Sunday 16 February 2020

292 - Frank Mayes, Celebrity Ghost Collector

GMC: Frank Mayes, Celebrity Ghost Collector

Celebrity-obsession has replaced religion for many, a one-sided devotion spurred by a multi-billion dollar industry providing diversions and illusions of people who are scarcely a reflection of their manufactured images. For those with little else to fill their lives this can grow from idle pastime to consuming obsession, creating creepy obsessives and dangerous stalkers.

Frank wasn’t like that (he was). I mean, he got better (a couple of times, actually). What he’ll mean to tell you when he’s explaining it (and, oh boy, he’ll never stop trying to explain it) is that he doesn’t need it anymore. He doesn’t need the cluttered house full of posters and knick-knacks and signed photos. He’s punched all the way through to the other side and come out his own man. Kinda.

It’s not true at all. Frank has traded misdemeanour stalking charges and a house full of junk for something less taxing but considerably darker. He’s started collecting ghosts. Having skirted the occult underground in the manner of many self-destructive obsessives, Frank’s journey had him taken advantage of by a rotating cast of chargers who found him a willing gopher in return for services they could trivially fulfill. It was a conflict between two of them that ended with him in possession of a ritual that allows him to seal ghosts of the recently deceased inside old mason jars.

The idea didn’t occur to him right away, it seemed almost profane when it did. Images of grief and messages of consolation on the six o’clock news at the revelation of a rockstar’s passing. Frank felt the same pang he always did when one of the pantheon left, his eye’s fell on the battered music book on his coffee table but disgust squashed the impulse. How could he? How could he dare to take something so sacred for himself? It took three days before he caved.

Frank’s collection is impressive considering he’s only been at it for a year.

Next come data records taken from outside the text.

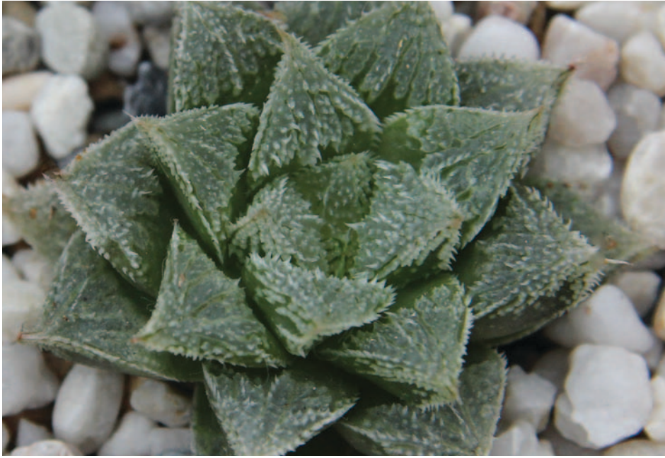
Haworthia Bunter CC 3455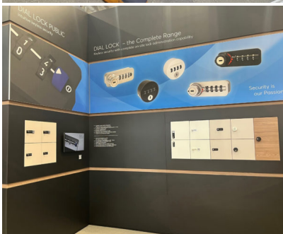
Caption 5: Big on dial locks: Lehmann showcased the entire range at interzum 2023. Pictured on the left, "Dial Lock Public". The optimised operating concept behind this freecode dial lock simplifies application for users and facility managers alike.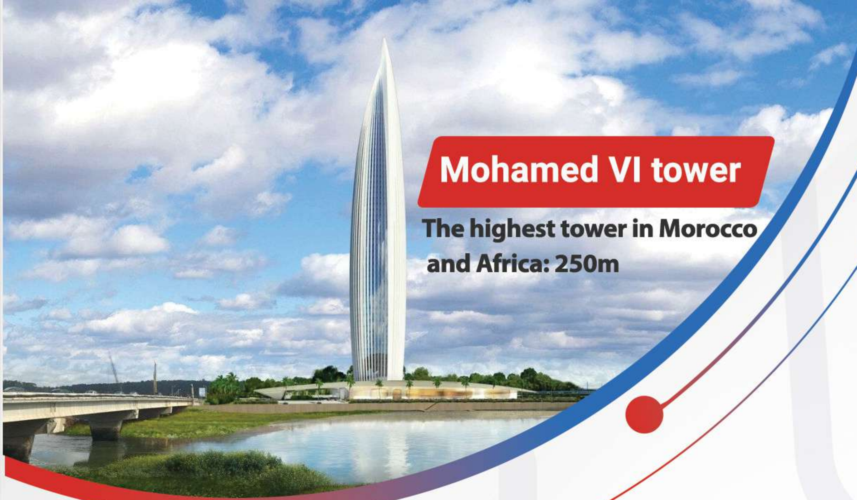
Mohamed VI tower The highest tower in Morocco and Africa: 250m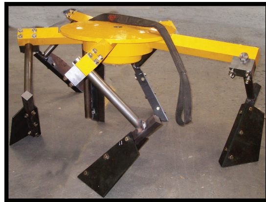
Mixer Blades for M2200 Pan Mixer

M2200 Mixer can also be powered by a "Power Pack Version" of a REED Pump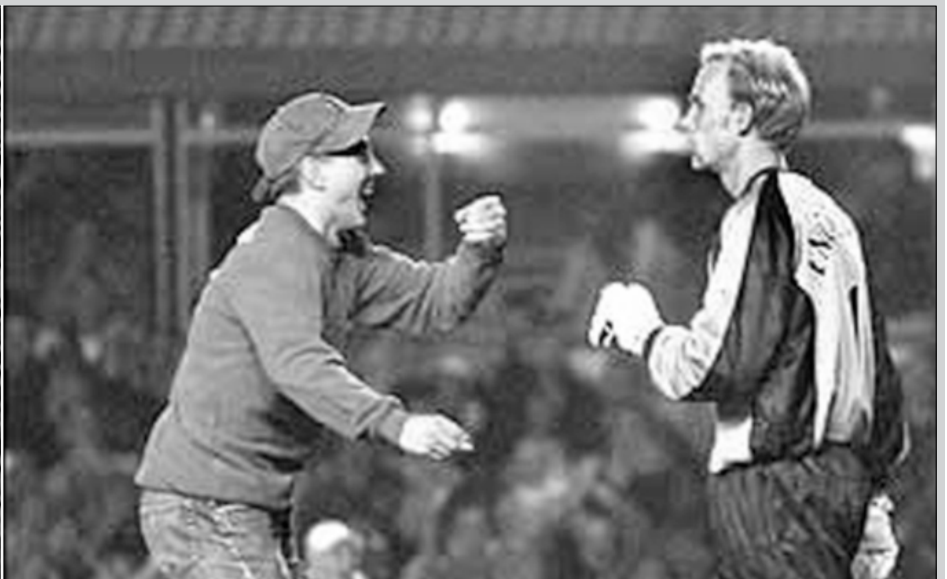
THE ENCKELMAN NIGHTMARE! (L) Aston Villa custodian Peter Enckelman appears in control as he looks to deal with Olof Mellberg's innocuous throw-in. (C) The ball however, squirms under the hapless keeper's foot and he can only watch as it rolls into the net. (R) The goal puts Birmingham 2-0 up and a fan rushes on to the pitch to rub salt on Enckelman's wounds.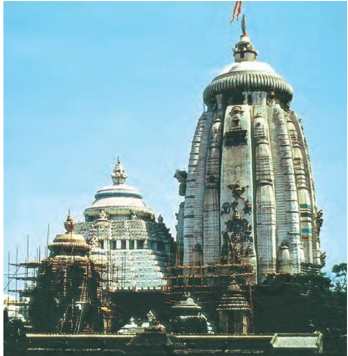
Fig. 3 Jagannatha temple, Puri.

These cultural traditions were closely linked with the ideals and aspirations of rulers. From about the eighth century, most of the present-day state of Rajasthan was ruled by various Rajput families. Prithviraj (Chapter 2) was one such ruler. These rulers cherished the ideal of the hero who fought valiantly, often choosing death on the battlefield rather than face defeat. Stories about Rajput heroes were recorded in poems and songs, which were recited by specially trained minstrels.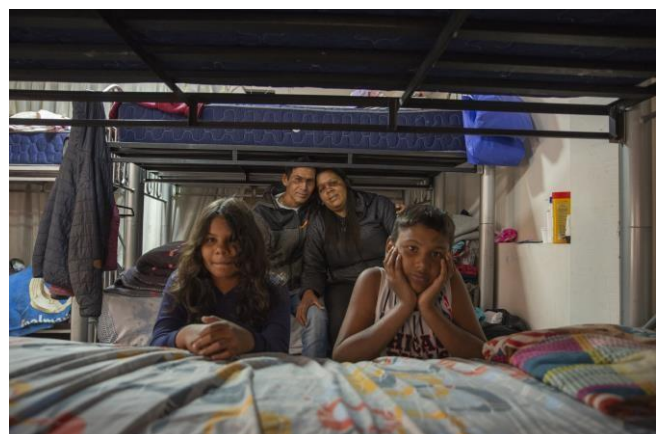
Refugee family in transit in Bolivia hosted in a temporary shelter in La Paz

He’s performed the rite for more than a dozen celebrity figures but laments that he’s missed the opportunity to rescue just as many. They live in a collection of mason jars in his bathtub, he needs to keep running water passing over them or they won’t shut up. Not quite demons or the souls of the people they represent, the ghosts flit about their confinement in terror. To them the distinction of whether they actually are the people they were harvested from is academic. It bothers Frank that they don’t understand or appreciate what he’s done for them, the preservation of their special selves for all eternity. It’s ungrateful.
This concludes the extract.